Tools to Enable Knowledge Sharing

sowa@watson.ibm.com
Message-id: <199111272245.AA28919@venera.isi.edu>
Date: Wed, 27 Nov 91 17:39:00 EST
From: sowa@watson.ibm.com
To: GINSBERG@t.stanford.edu, AI.LENAT@mcc.com, AI.GUHA@mcc.com
Cc: INTERLINGUA@isi.edu, KR-ADVISORY@isi.edu, SRKB@isi.edu
Subject: Tools to Enable Knowledge Sharing
The recent notes by Matt Ginsberg and by Lenat and Guha are promising
contributions towards a possible consensus about knowledge sharing.

I agree with Matt that we should not do anything to inhibit ANY lines
of research.  If the term "Tools to Enable Knowledge Sharing" (TEKS)
is more palatable than the word "standards", that is fine with me.
But we have to recognize that there is an enormous push for TEKS
that is coming from many directions.  Boeing, for example, is working
very hard through ANSI, PDES, and ISO (all organizations with the
word "standards" in their names).  In an earlier note, I sent a copy
of Roger Burkhart's impassioned plea for some kind of logic-based TEKS
for manufacturing companies like Deere & Co.  Roger made the point that
if we don't take a leadership role in designing a logically clean system,
we will have a very dirty system like SQL2 thrust upon us.

I agree with Lenat and Guha that the most important prerequisite for
knowledge sharing is a common vocabulary or ontology.  It is in fact
so important that I would not even attempt to standardize it.  The
Cyc ontology is a very big one that should provide many instructive
examples, but I would not want to adopt it or any other proposed
vocabulary (such as the list of Common Lisp functions) as a standard.
Instead, I would only want to provide a common logic-based syntax and
allow people to develop libraries of ontologies for any purpose they
like.  A common syntax would allow ontologies to be written, shared, and
exchanged in packages for different application areas.  In that sense,
the common syntax would be a facilitator or enabler for sharing, but
anyone who bought a package could modify it, extend it, or translate it
into any other representation that might be appropriate.

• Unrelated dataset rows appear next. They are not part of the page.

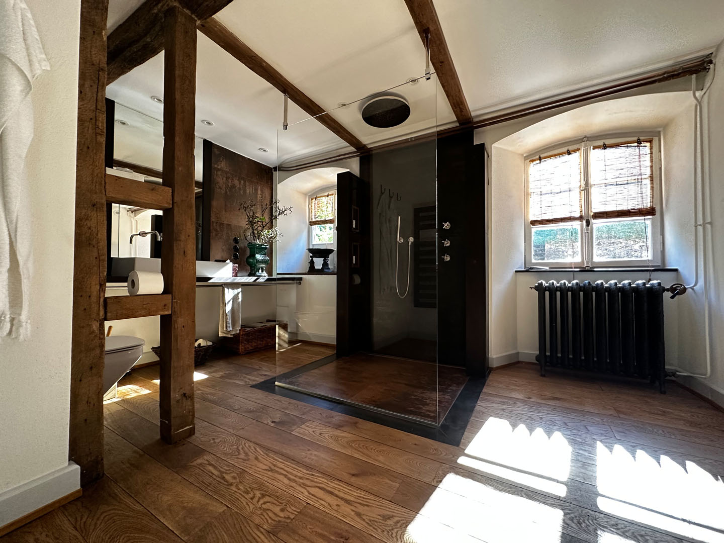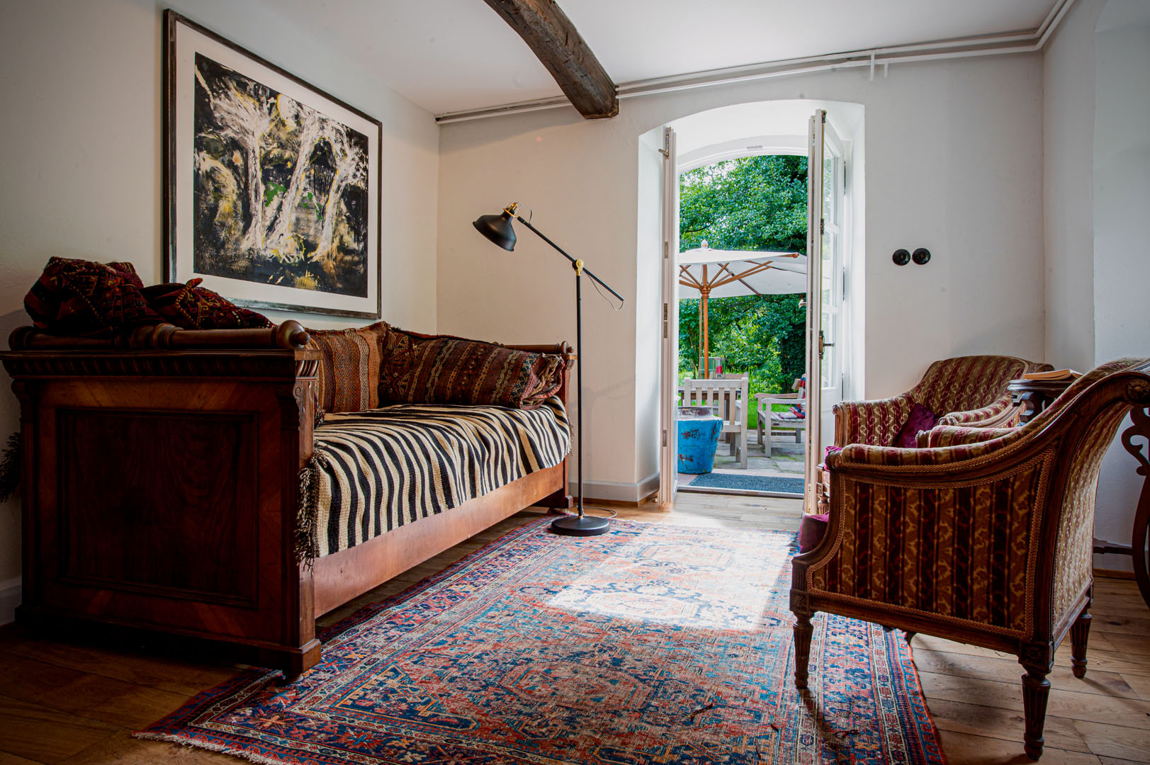 Note: Please note that the garden with direct access to the canal, the Schwarzbach, and the weirs is not suitable for children under 14 years of age. For guests with children under 14, we recommend the Maison Forestière – Fischeracker.
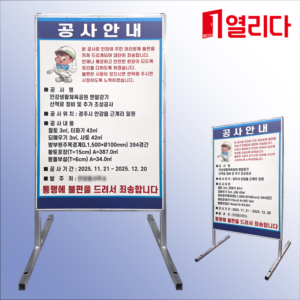 자립구조로 양면을 활용해 안전확보와 사고예방을 위한 경고 표지로 활용
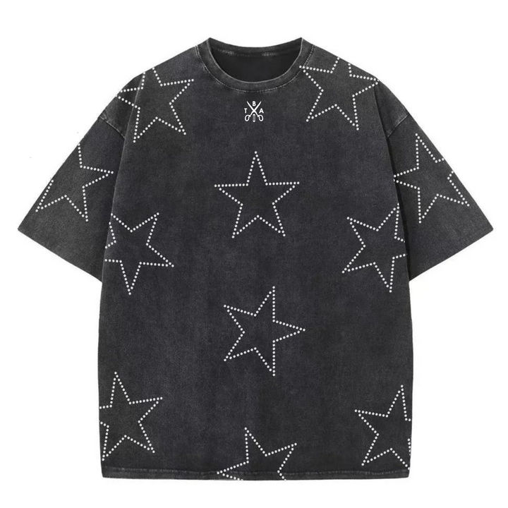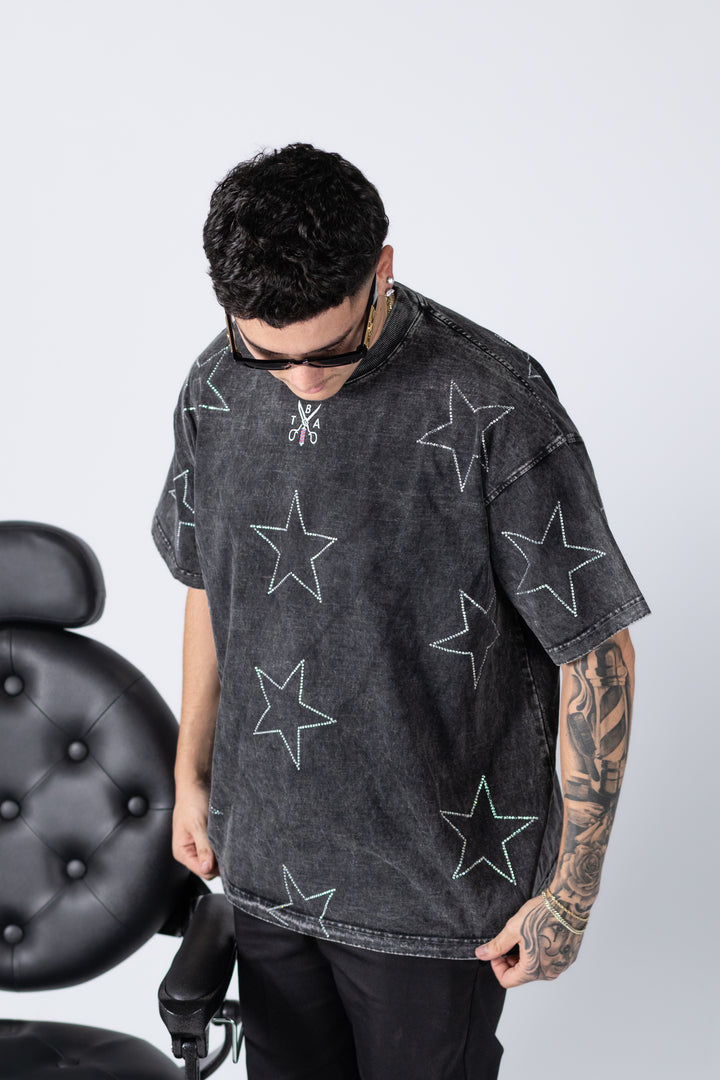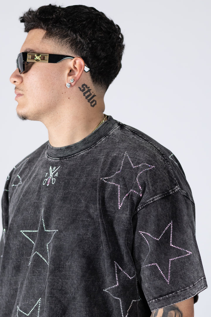 The Chrome Dust tee is a vintage washed black, boxy fit made out of premium 100% heavyweight cotton and true to size. The tee features our signature TBA logo embroidered on the front with scattered rhinestone stars across the shirt, giving it a bold yet timeless edge.

Matt raised a question about the need for levels of metalanguages,
since he did not see any prototypes or pressing requirements for them.
I'll admit that there aren't very many prototypes in the AI community,
but there are commercial packages with levels of metalanguages in the
database world, especially within the scope of the ANSI IRDS (Information
Resource Dictionary Systems).  As an example, I'll cite IBM's AD/Cycle
(Application Development/Cycle), which is a framework for CASE tools
and products, some of which are in use today and others are being built.
AD/Cycle is probably the largest such framework, but there are others
developed by other vendors, and the purpose of ISO and ANSI IRDS is to
provide some guidance for these Tools to Enable Knowledge Sharing.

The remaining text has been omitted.